- **Action item**
Each entry below should be restated word for word, without any picture it contains.

------------------------------------------------

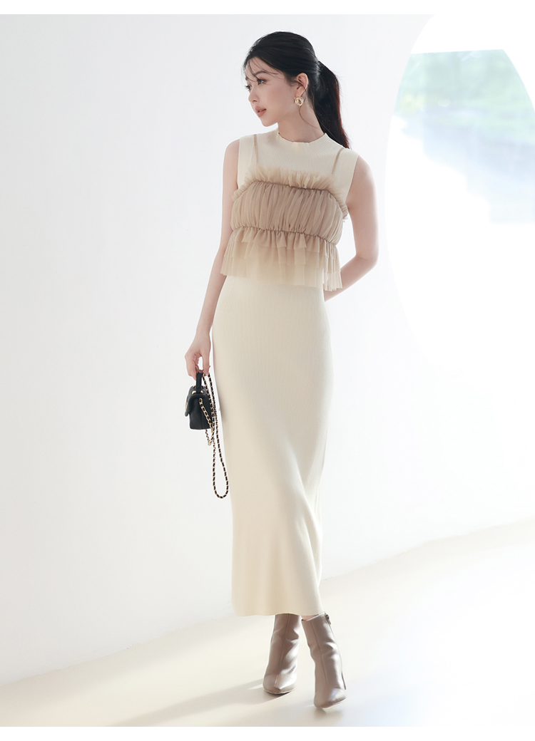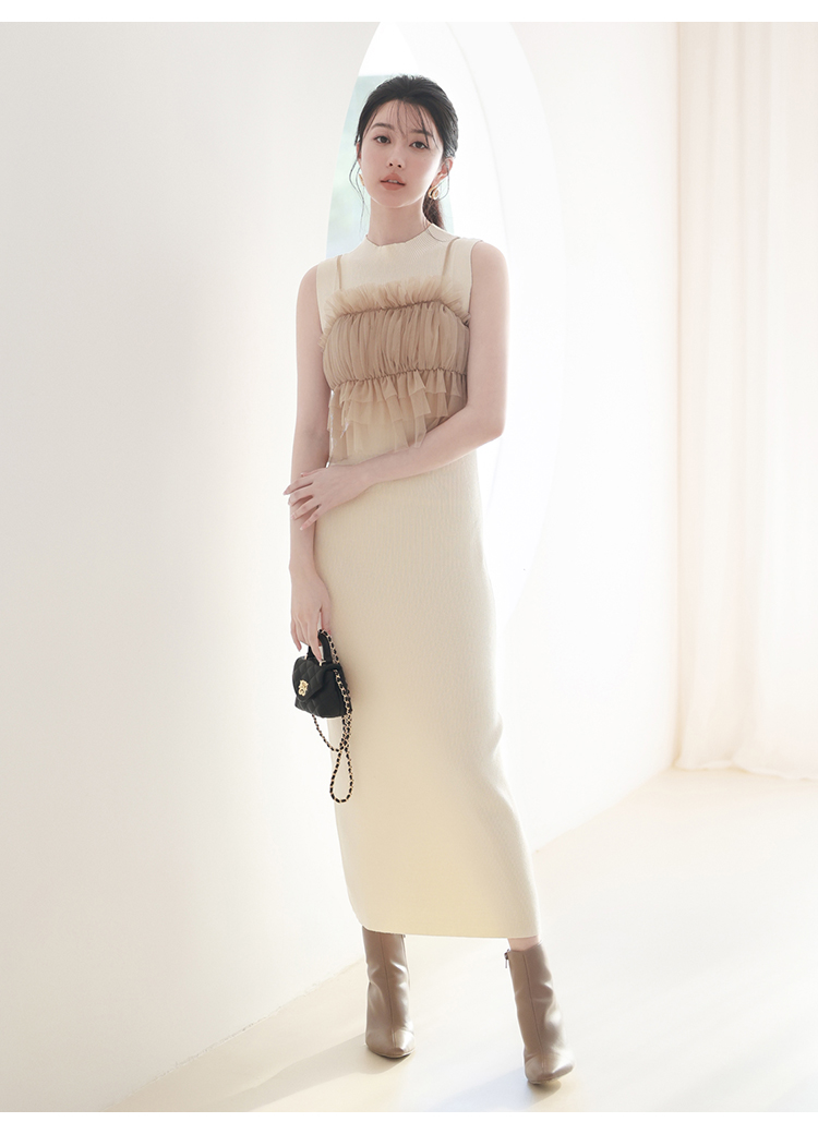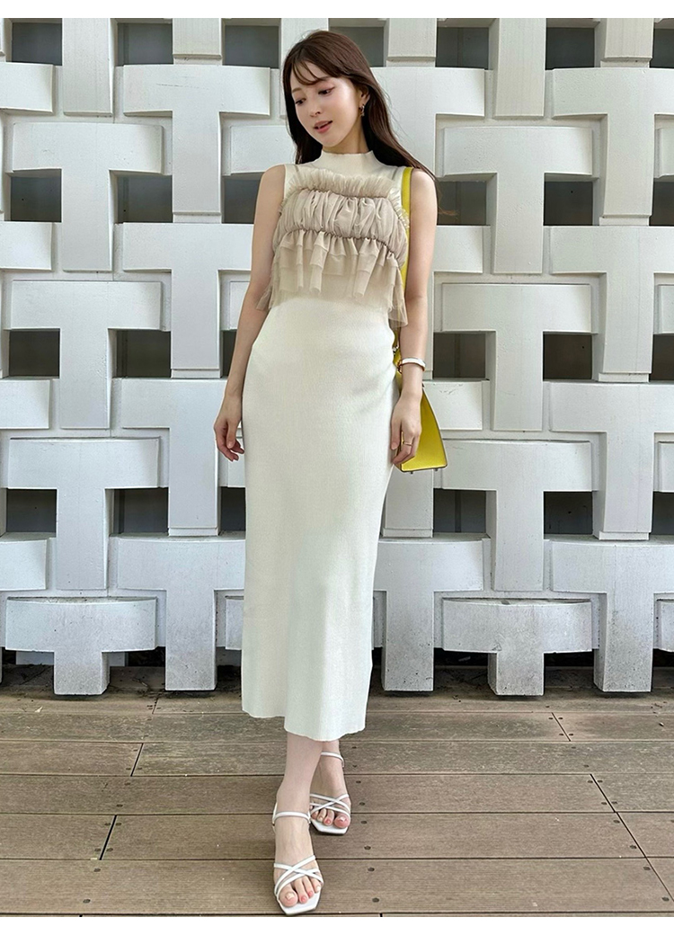【旬のレイヤードコーデが完成するチュールキャミ&ニットワンピのセット】
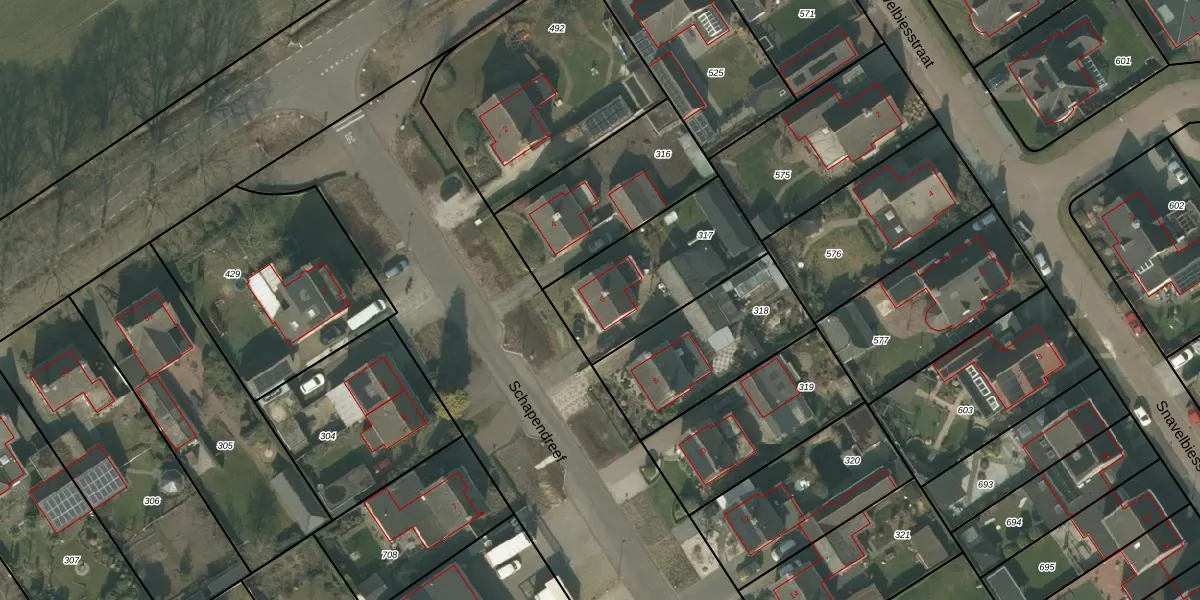 Gebruik de zoekbalk of klik op een perceel voor informatie over de adressen binnen dit perceel.
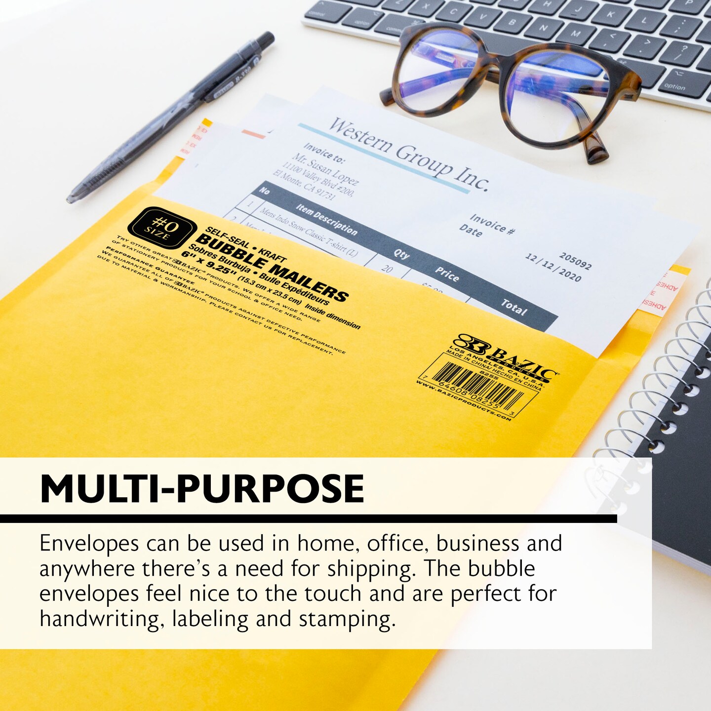 BAZIC Self-Seal Bubble Mailers (#0) 6" x 9.25" (4/Pack)
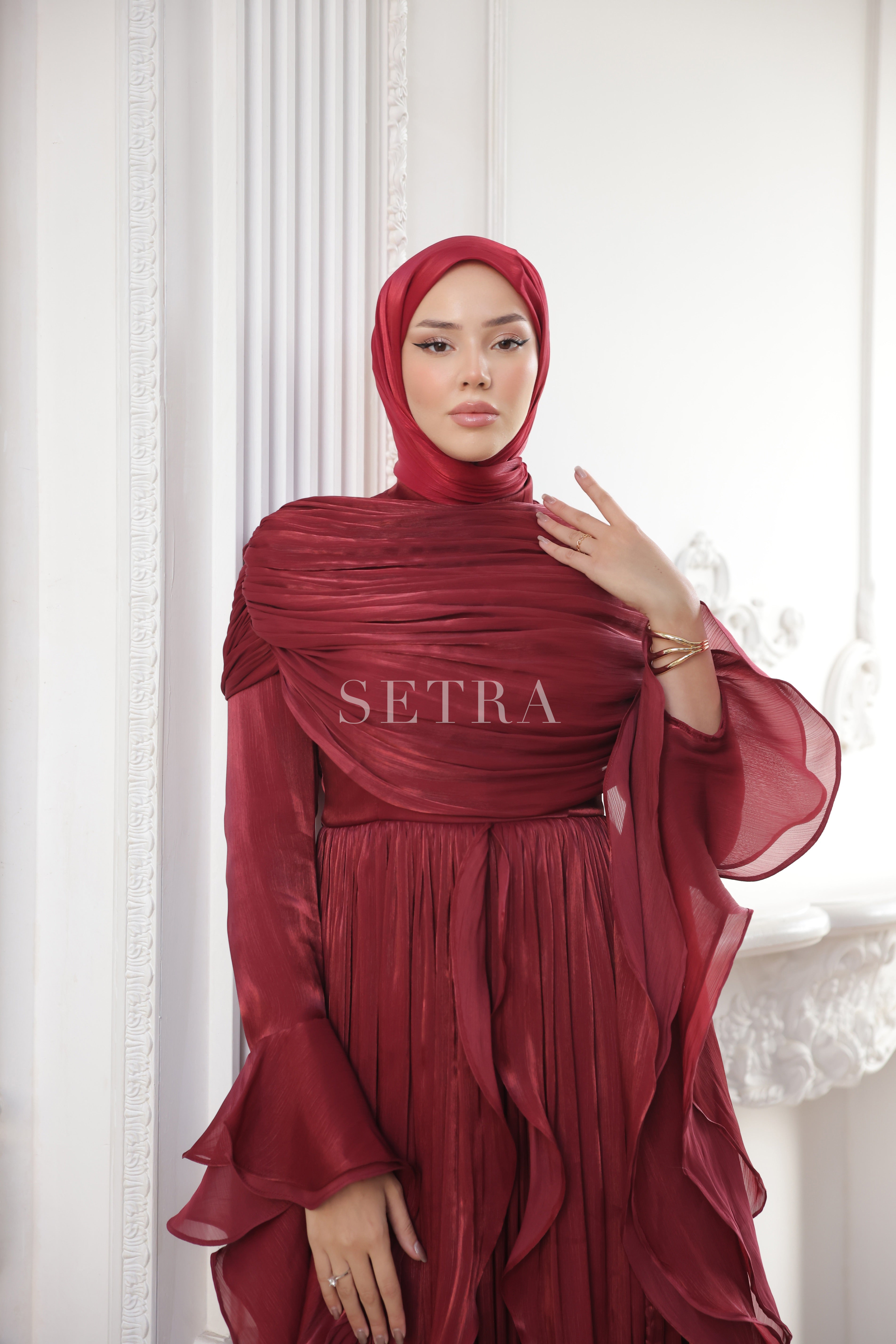 Özel Tasarım Pelerinli Abiye – Koyu Kırmızı
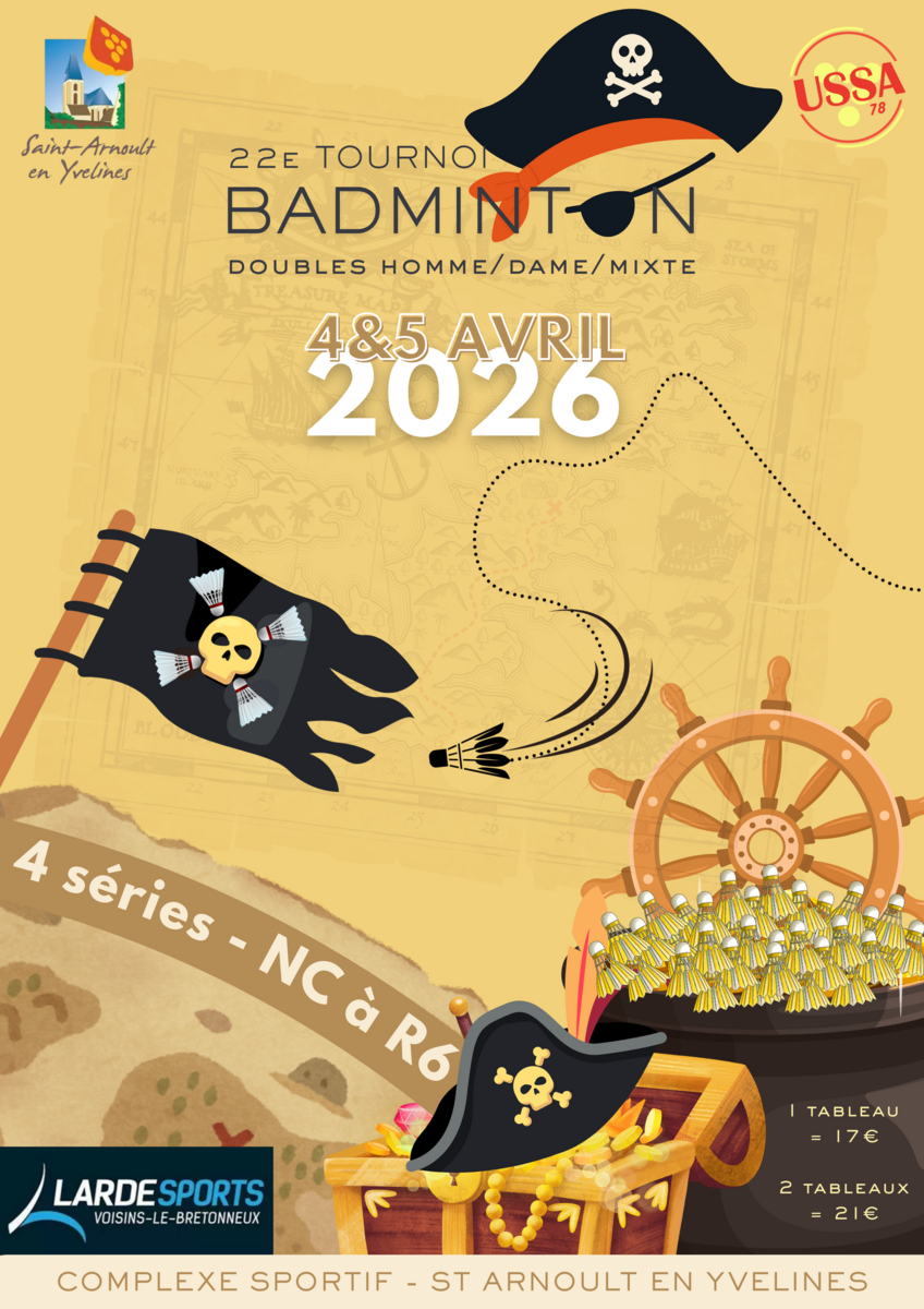📣 Le club USSA badminton de Saint Arnoult en Yvelines est heureux de vous inviter à son 22ème tournoi de double !! 🏸
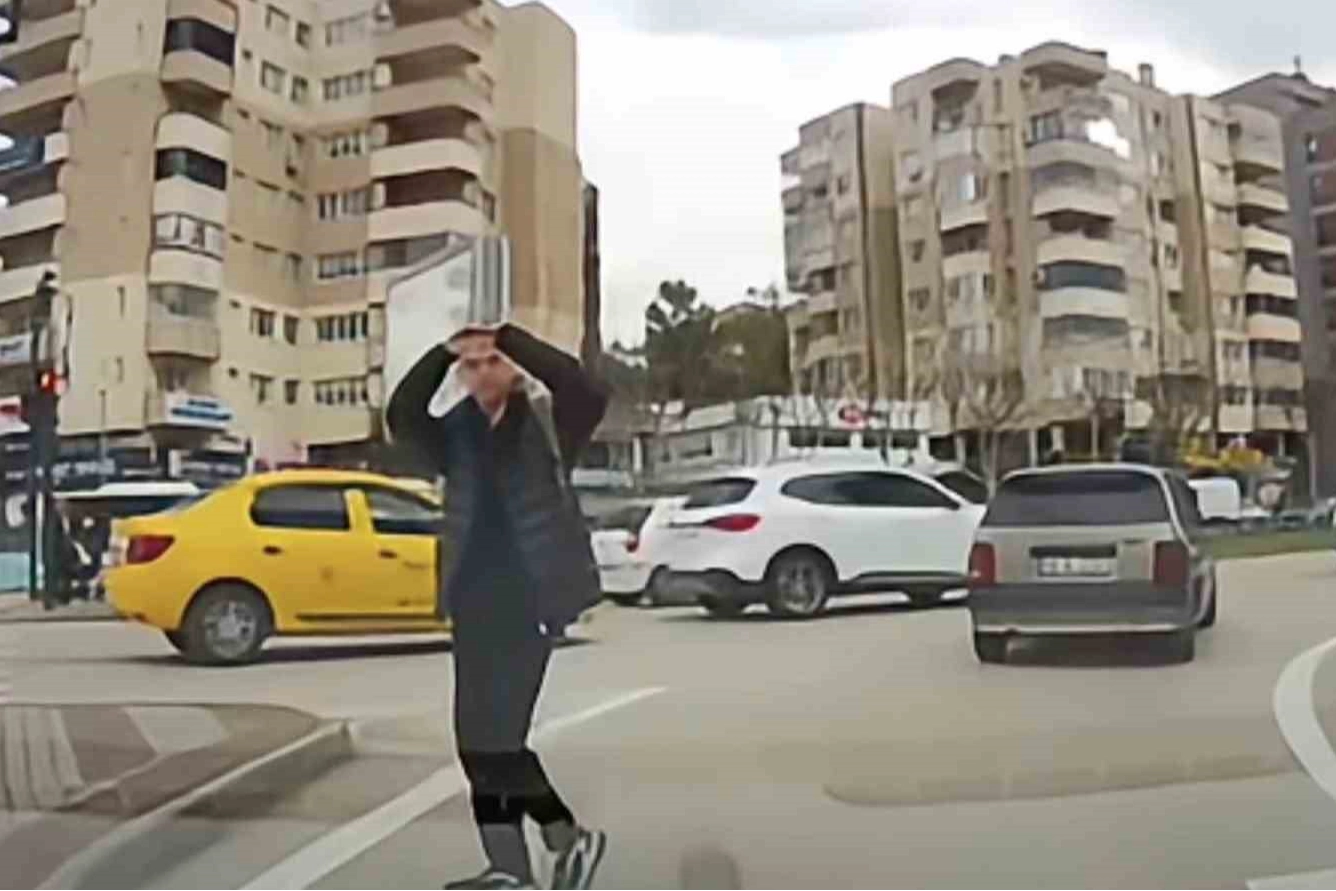 Bursa’nın Nilüfer ilçesinde trafikte yaşanan anlamlı bir an, bir aracın kamerasına yansıdı.
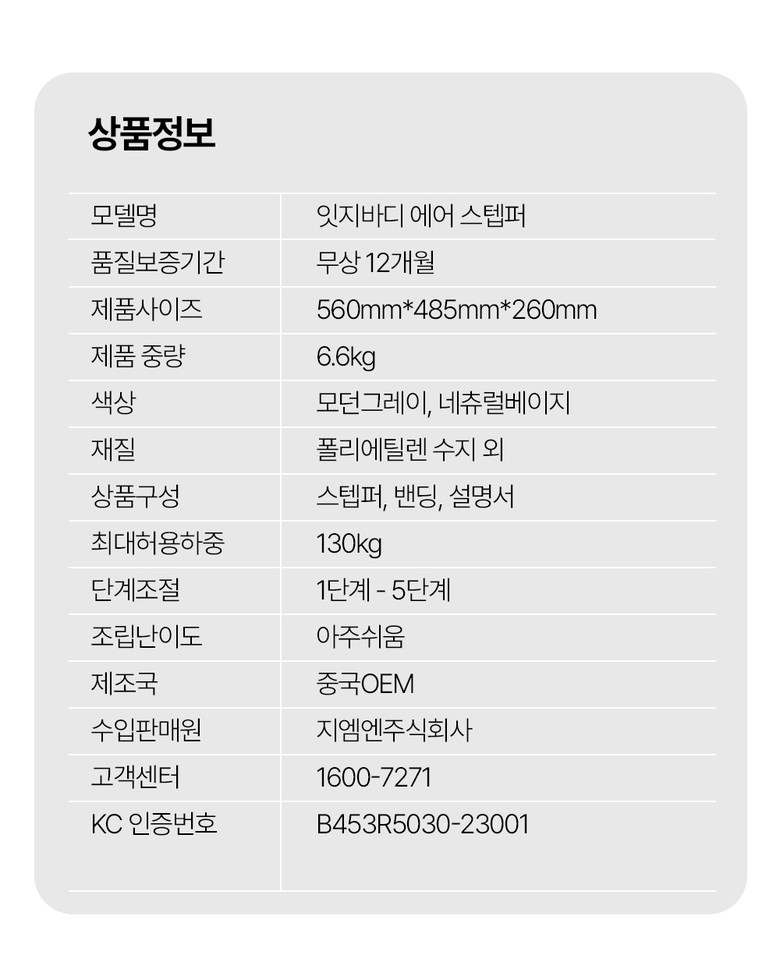 | 품명 및 모델명 | 잇지바디 스텝퍼 | 인증/허가 사항 | B453R5030-23001 |

------------------------------------------------

- **Task response**
【旬のレイヤードコーデが完成するチュールキャミ&ニットワンピのセット】
 Gebruik de zoekbalk of klik op een perceel voor informatie over de adressen binnen dit perceel.
 BAZIC Self-Seal Bubble Mailers (#0) 6" x 9.25" (4/Pack)
 Özel Tasarım Pelerinli Abiye – Koyu Kırmızı
📣 Le club USSA badminton de Saint Arnoult en Yvelines est heureux de vous inviter à son 22ème tournoi de double !! 🏸
 Bursa’nın Nilüfer ilçesinde trafikte yaşanan anlamlı bir an, bir aracın kamerasına yansıdı.
 | 품명 및 모델명 | 잇지바디 스텝퍼 | 인증/허가 사항 | B453R5030-23001 |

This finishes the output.